Trois seuils structurent ce classement. Les boissons sans alcool ou titrant moins de 1,2° se vendent librement. Entre ce seuil et 18°, le régime III suffit, il couvre par exemple le vin, la bière ou le cidre servis en salle. Au-delà de 18°, y compris les spiritueux, les liqueurs ou le rhum, seule la licence IV permet la vente.
La licence III, souvent confondue avec le régime restaurant, mérite une clarification à part.
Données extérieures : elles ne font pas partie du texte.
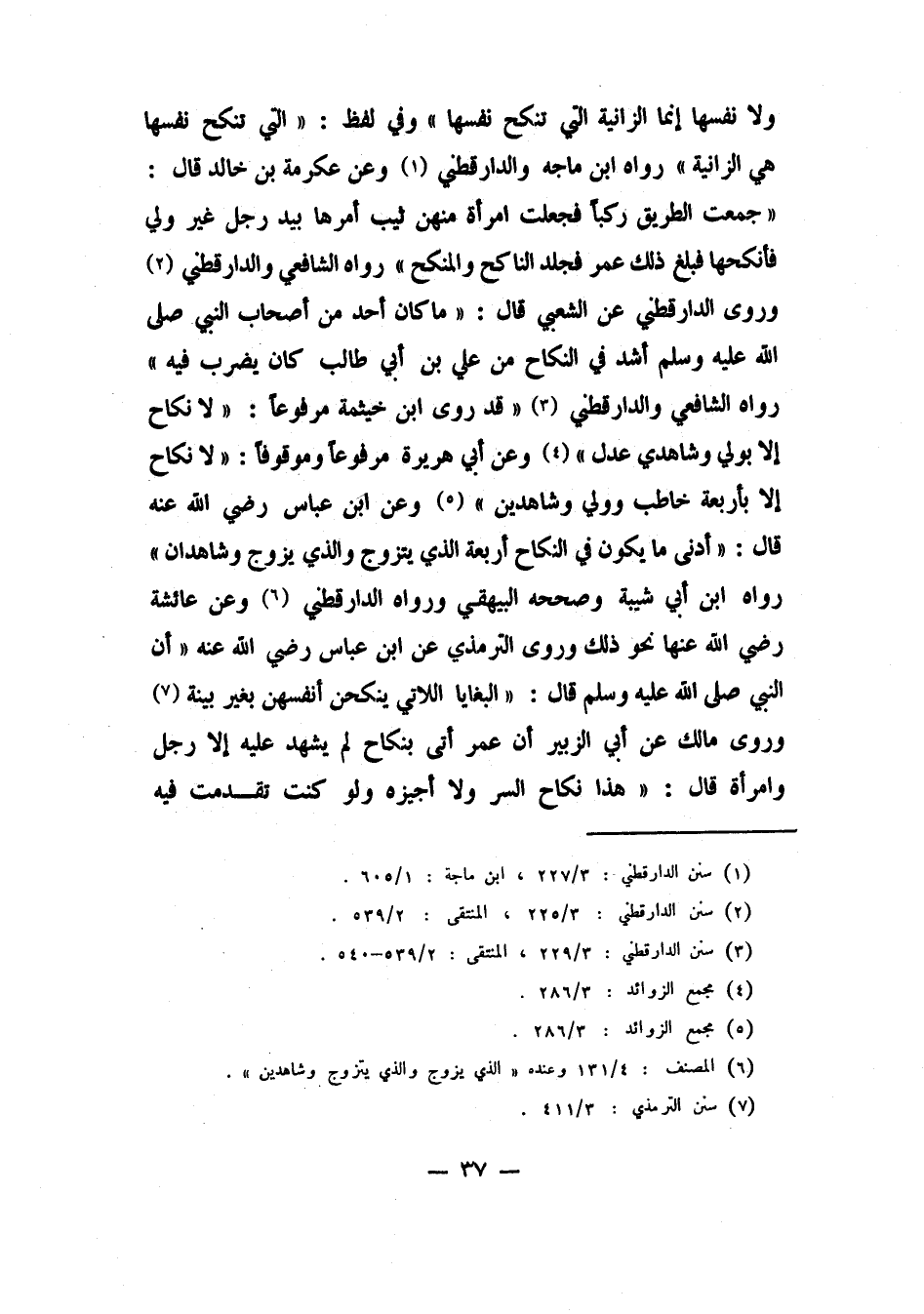 وفي لفظ: "التي تنكح نفسها هي الزانية" رواه ابن ماجه والدارقطني. 1 وعن عكرمة بن خالد قال: "جمعت الطريق ركبا، فجعلت امرأة منهن ثيب أمرها بيد رجل غير ولي، فأنكحها، فبلغ ذلك عمر، فجلد الناكح والمنكح" رواه الشافعي والدارقطني 2. وروى الدارقطني عن الشعبي قال: "ما كان أحد من أصحاب النبي صلى الله عليه وسلم أشد في النكاح من علي بن أبي طالب، كان يضرب فيه" رواه الشافعي والدارقطني 3. قد روى ابن خيثمة مرفوعا: "لا نكاح إلا بولي وشاهدي عدل 4" وعن أبي هريرة مرفوعا وموقوفا: "لا نكاح إلا بأربعة: خاطب وولي وشاهدين 5") . وعن ابن عباس رضي الله عنه قال: "أدنى ما يكون في النكاح أربعة: الذي يتزوج، والذي يزوج، وشاهدان" رواه ابن أبي شيبة وصححه البيهقي ورواه الدارقطني 6. وعن عائشة رضي الله عنها نحو ذلك. وروى الترمذي عن ابن عباس رضي الله عنه أن النبي صلى الله عليه وسلم قال: "البغايا اللاتي ينكحن أنفسهن بغير بينة 7". وروى مالك عن أبي الزبير أن عمر أتي بنكاح لم يشهد عليه إلا رجل وامرأة قال: "هذا نكاح السر، ولا أجيزه، ولو كنت تقدمت فيه
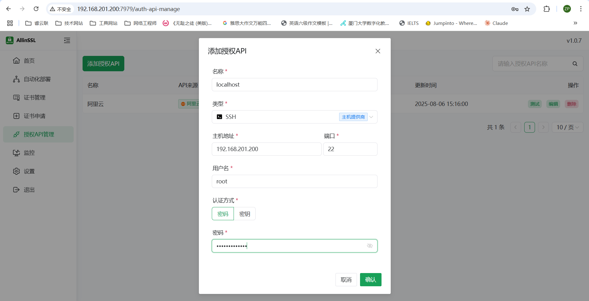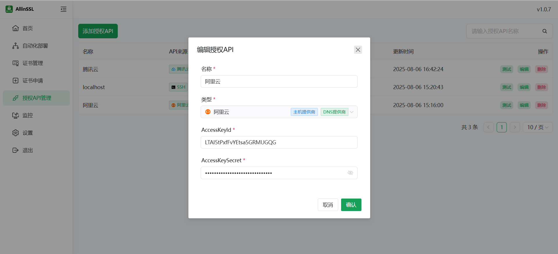 此页面用于管理 ALLinSSL 与其他服务交互所需的凭证和 API 密钥。例如,申请证书时需要 DNS 提供商的 API 密钥进行域名验证,部署证书时可能需要服务器的 SSH 凭证、云平台的 API 密钥或面板的接口密钥。

Le régime exact qui s'applique à un établissement, entre petit régime restaurant et licence IV classique, dépend surtout de l'usage fait de l'alcool, comme le détaille la section suivante.
Pour les dirigeants d'établissements de restauration, notre expertise comptable en restauration s'appuie sur cette classification pour anticiper l'impact du choix de licence sur la structure de coûts.
| Catégorie | Seuil d'alcool | Régime applicable |
|---|---|---|
| Boissons sans alcool | Sans alcool ou ≤ 1,2° | Vente libre, aucune licence |
| Groupe 3 | ≤ 18° | Licence III |
| Groupes 4 et 5 | > 18° | Licence IV |
Licence 4 ou licence restaurant, quel régime choisir pour votre établissement ?
Réponse rapide
La licence restaurant et la licence III sont gratuites mais limitent la vente d'alcool à l'accompagnement d'un repas. La licence 4, elle, a un coût variable selon les régions et autorise la vente libre, hors repas. Le choix dépend donc du concept, service au bar ou uniquement en salle.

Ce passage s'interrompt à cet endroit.